Auch die permanente Auto-Vorrang-Politik stößt auf Unverständnis. „Jeder weiß, dass ausgebaute Straßen nicht zu weniger Verkehr, sondern zu mehr Verkehr führen“, sagt Bocks in Anbetracht der geplanten Ausbauten des so genannten Gladbacher Rings mit vierspurigen Straßen.
„Wir können ja noch nicht mal die vorhandenen bisherigen Straßenschäden ausbessern und das einzige was einigen Planern einfällt, sind neue Straßen. Das ist doch absurd. Hier muss ein komplett anderes und neues Verkehrskonzept her, das den ÖPNV deutlich offensiver mit einbezieht und auch die katastrophale Situation des Radwegeverkehrs berücksichtigt und verbessert. Es muss Schluss sein mit der autofreundlichen Stadt. Wir brauchen eine menschenfreundliche und kulturell attraktive Stadt, und keine Konsumfabrik mit Parkplatz mitten im Zentrum.“

Der Bezirksvertreter moniert weiter, dass man hier trotz HSK immer noch etliche Millionen  im hohen zweistelligen Bereich für Beton und Asphalt bereitstellen möchte, aber trotz eines Bekenntnisses zu einem Bibliotheksneubau von fast allen Fraktion, sich ziert einen weitaus geringeren Betrag zur Steigerung der Lebensqualität der Menschen hier in der Stadt bereit zu stellen.
„Die Leitlinien in der Stadt sind anscheinend „Konsum und Autoverkehr – Ja“, „Verbesserungen im Bereich der Lebensqualität von Bürgerinnen und Bürgern und im Umweltbereich – Nein“.
Denn eines braucht mir keiner erzählen, nämlich dass die Schaffung von Konsumfabriken und neuen Straßen die Lebensqualität in der Stadt erhöht. Zumal in einer Stadt, in der es die meisten Schuldnerinnen und Schuldner in der Region und den drittgrößten Anteil an Bezieherinnen und Beziehern von Leistungen nach dem SGB II in NRW gibt“, ergänzt Bocks.
Für die Zukunft der Stadt wünscht sich der Bezirksvertreter einen beherzigten und menschenfreundlichen Umgang mit Entscheidungen durch und zum Wohle der Bürgerinnen und Bürger.

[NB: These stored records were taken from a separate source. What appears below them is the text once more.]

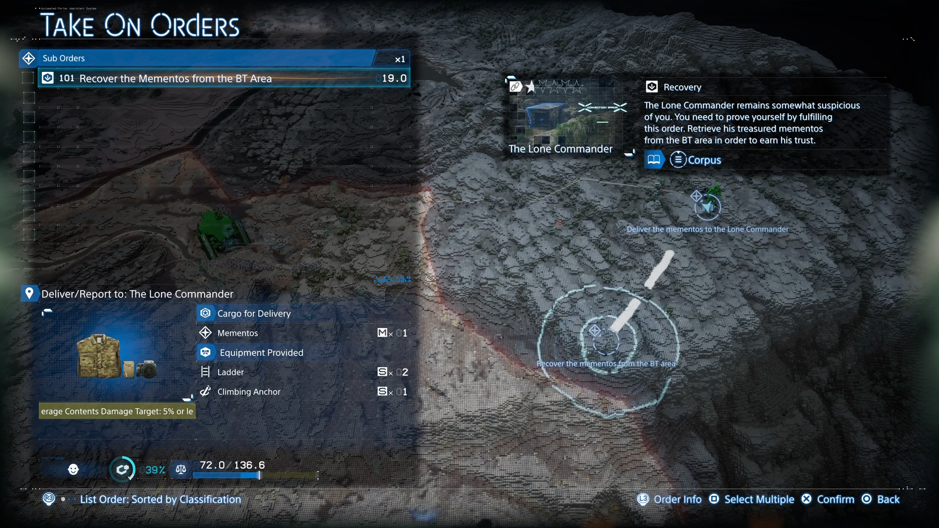要获得此订单,您需要接受子订单将拆解的步枪交给孤独的指挥官[易碎货物]从政府基地。这不是一个主要订单。你不需要完成它来继续主要故事。一旦你将货物交付给孤独指挥官,他会告诉你,只有你完成他的最新订单,他才会成为手性网络的一部分。任务简介从 BT 区域取回纪念品是: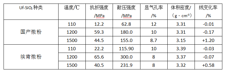 本實驗選用國產(chǎn)微粉和埃肯微粉作對比試驗,國產(chǎn)uf-SiO2配料用水量3.5%(w),?蟯f-SiO2配料用水量3.3%(w)。澆注料的物理性能見表2?梢钥闯,要達到相近的流動性,用國產(chǎn)的uf-SiO2時,施工用水量多于用埃肯uf-SiO2的用水量,試驗的各相物理指標(biāo)都不如用進口微粉的試樣。更為嚴重的是,因為國產(chǎn)微粉雜質(zhì)含量高,1500℃燒后試樣外觀規(guī)整。為了制得質(zhì)量優(yōu)良的預(yù)制塊,決定采用?系膗f-SiO2。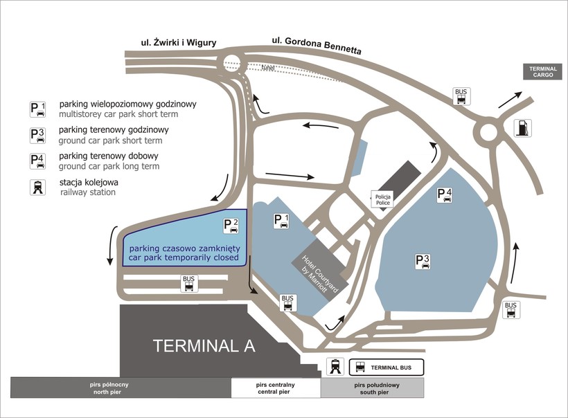 На территории аэропорта находятся 2 паркинга. Кратковременный, рассчитанный на 600 мест, расположен в 50 метрах от терминала. Также авто можно оставить на долговременном паркинге, находящемся приблизительно в 2 километрах от пассажирского терминала в направлении Нового Двора Мазовецкого около все той же 62 трассы. Я рекомендую пользоваться именно этим паркингом, поскольку только на нем имеется быстрый бесплатный трансфер к самым дверям терминала.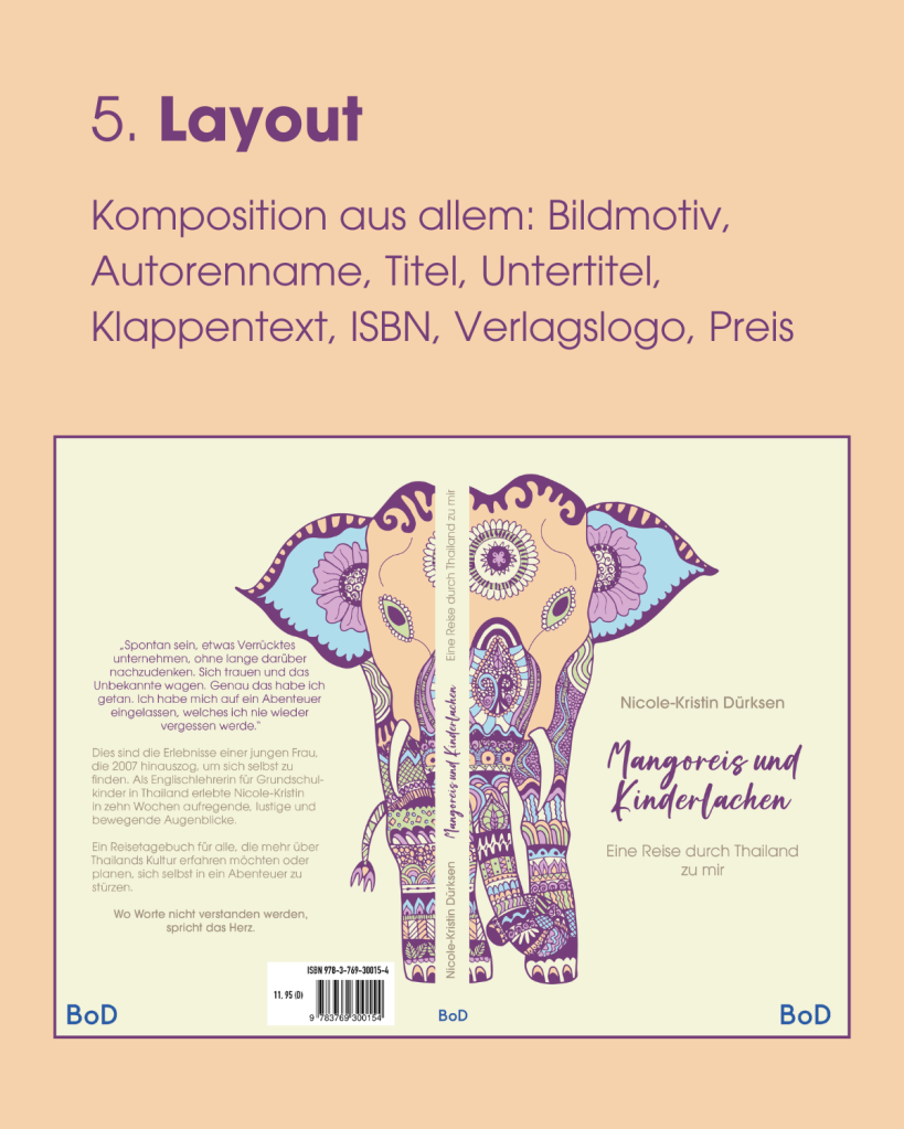 Der Autorenname und der Buchuntertitel müssen gut lesbar sein.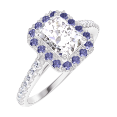« L'ATELIER » Nº 170136Bague Or blanc 9 carats - Diamant Rectangle 0.5 carat - Halo Saphir bleu - Sertissage Diamant 4.8 (49)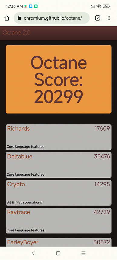 | Google Octane 2 (больше — лучше) | 20299 | 53298 | 59248 | 30430 | 54735 |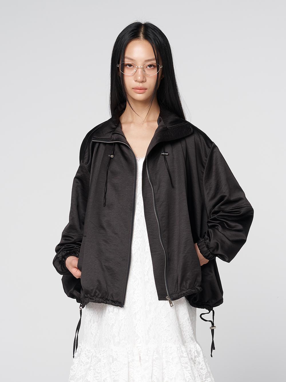 320쇼룸 글로시 셔링 스트링 점퍼 블랙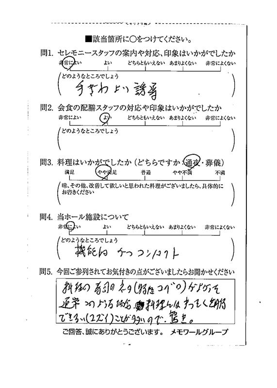 急な変更に対しても心良く対応して頂きました。小島友和さん、及川良子さんには大変お世話になりました。お見積りの際、写真と金額の説明がとても分かりやすかった。メモワールホール瀬谷は、とても綺麗で特に待合室が広くホテル並みでびっくりしました。会員になると色々な特典があり、やはり価格的な面では良いという事、親切、分かりやすい対応をしてもらえる事を伝えたいです。

Die angesprochenen Themen sind nur eine kleine Auswahl von dem, was hier in der Stadt im Argen liegt.
Ob Schulschließungen, Öffnungszeiten für Hallenbäder, teilgewünschte Privatisierungen von Kitas, Ausbau der OGATAS (offene Ganztagsschulen) und kostenloser Schulspeisung für die Kinder, Mobilität im ÖPNV (Sozialticket), Erhöhung der Taktzeiten im ÖPNV, Beruhigung von Straßenzügen mit erhöhtem PKW- und LKW-Aufkommen, Gebührenerhöhungen und, und, und.
Die Liste ließe sich noch ellenlang weiterführen.
Überall gibt es Baustellen, die sicherlich nicht alle auf einmal bearbeitet werden können, aber über die man sicher zum Wohle der Bürgerinnen und Bürger und vor allem mit ihnen beraten und entscheiden kann.
„Politik sollte nie vergessen, dass sie die Interessen der Bürgerinnen und Bürger vertritt. Das scheint doch stark vernachlässigt worden zu sein. Nicht nur im Bund, sondern auch hier in der Kommune“, schließt der Bezirksvertreter seinen Appell für eine Menschen- und Umweltfreundlichere Stadt.